DATA SHOWN »
>>>
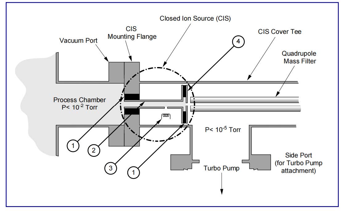 CIS陽極可以看作是一個直接連接到工藝室的高電導管。電離區中的壓力與工藝室中的壓力基本相同。CIS電離器在過程壓力下直接通過電子沖擊產生離子,而質譜分析儀的其余部分和燈絲保持在高真空條件下。直接采樣提供了良好的靈敏度(由于可用的大離子密度)和快速的響應時間。“記憶效應”,通常與壓力降低和電導孔有關,是顯著減少的。此外,由于不同氣體分子通過PPR孔徑的分子量依賴性擴散系數而引起的分餾效應也不存在。
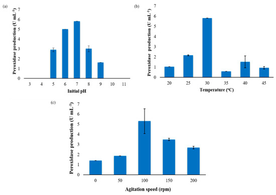 Nutrient accessibility by microorganisms is influenced by agitation, which improves aeration and enhances appropriate mixing of nutrients during fermentation [41]. The influence of agitation rate on exoperoxidase production by Ensifer adhaerens NWODO-2 as presented in Figure 1c revealed that peroxidase production under static condition and across all the studied agitation speeds (50–200 rpm) differ significantly (F = 7.760, p value = 0.0226 for ANOVA), with the optimal production recorded at 100 rpm (5.31 ± 1.23 U mL−1). Nevertheless, the difference between peroxidase production at 150 rpm (3.50 ± 0.12 U mL−1) and 200 rpm (2.69 ± 0.12 U mL−1) was not significant (Tukey’s test). This finding shows that peroxidase production by Ensifer adhaerens NWODO-2 was affected by agitation as there was a significant increase in peroxidase production at 100 rpm (5.31 ± 1.23 U mL−1) when compared with static condition (1.4 ± 0.00 U mL−1). This result is in agreement with previous similar studies, where agitation affected the level of enzyme production [22,42,43]. In this study, 100 rpm was the most favourable agitation speed for peroxidase secretion by the test organism but Patil [43] reported 180 rpm as the agitation rate that supported optimal lignin peroxidase production by Bacillus megaterium. The decrease in peroxidase production observed at 150 and 200 rpm in this study may be as a result of foaming or shearing stress on the mycelium.
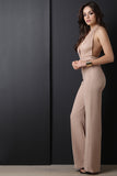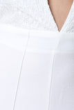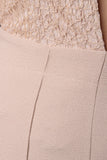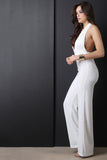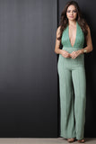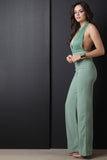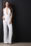 This sassy jumpsuit features a deep v neckline, halter top cut, 3 button closure at nape, lace contrast top, high waist cut bottom, pin tuck detailing, flare cut legs, invisible zipper closure at back waist. Accessories sold separately. Self: 100% Polyester. Contrast: 90% Nylon, 10% Cotton.
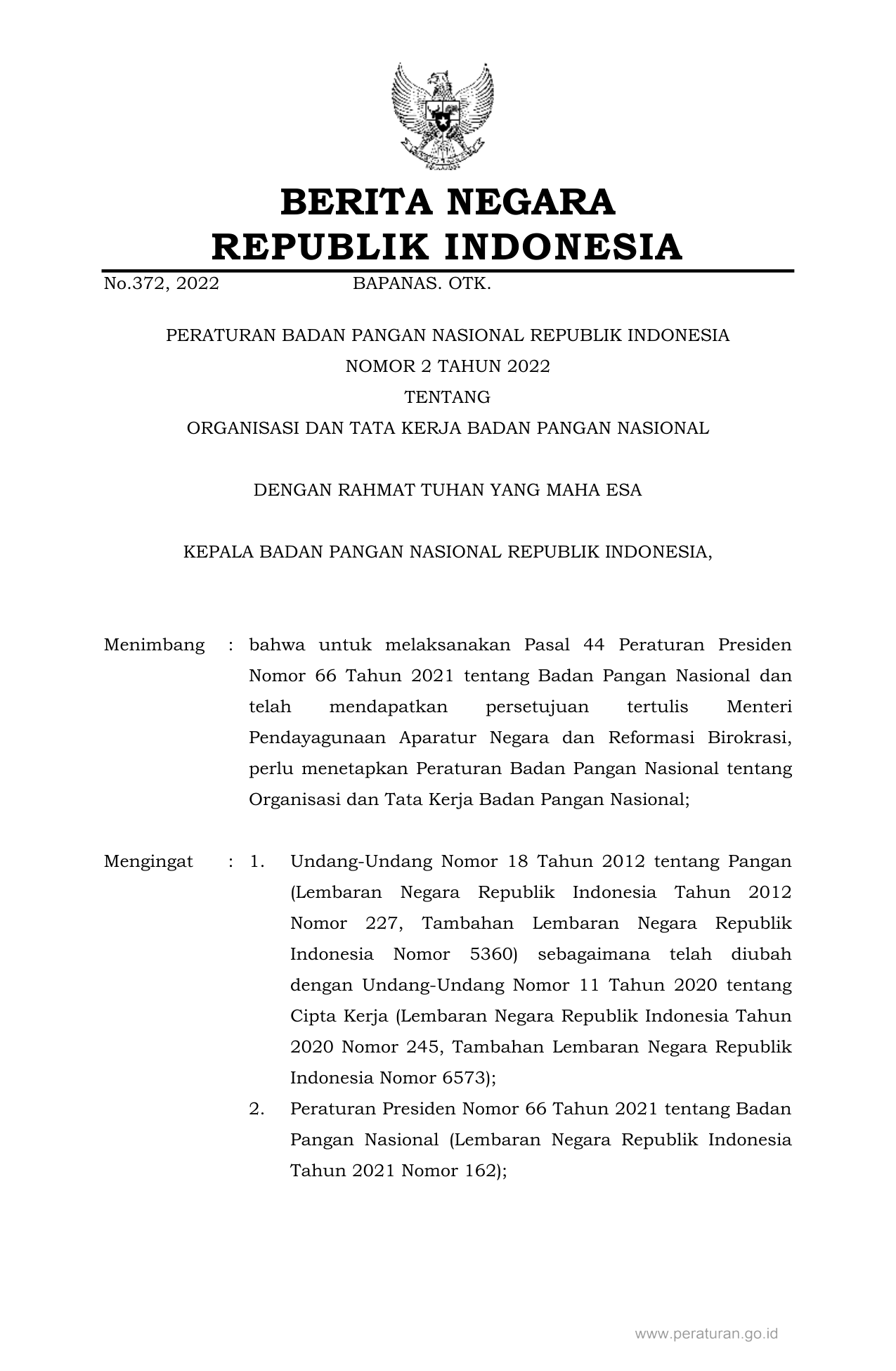 PERBAN Nomor 2 Tahun 2022 | Peraturan Badan Nomor 2 Tahun 2022 tentang ORGANISASI DAN TATA KERJA BADAN PANGAN NASIONAL
<<<
WORK TO COMPLETE »
Once the pictures are set aside, what is needed is the lines from the line with "This sassy jumpsuit" through the end of the data, written out exactly and alone.

ANSWER FOR THIS EXERCISE »
 This sassy jumpsuit features a deep v neckline, halter top cut, 3 button closure at nape, lace contrast top, high waist cut bottom, pin tuck detailing, flare cut legs, invisible zipper closure at back waist. Accessories sold separately. Self: 100% Polyester. Contrast: 90% Nylon, 10% Cotton.
 PERBAN Nomor 2 Tahun 2022 | Peraturan Badan Nomor 2 Tahun 2022 tentang ORGANISASI DAN TATA KERJA BADAN PANGAN NASIONAL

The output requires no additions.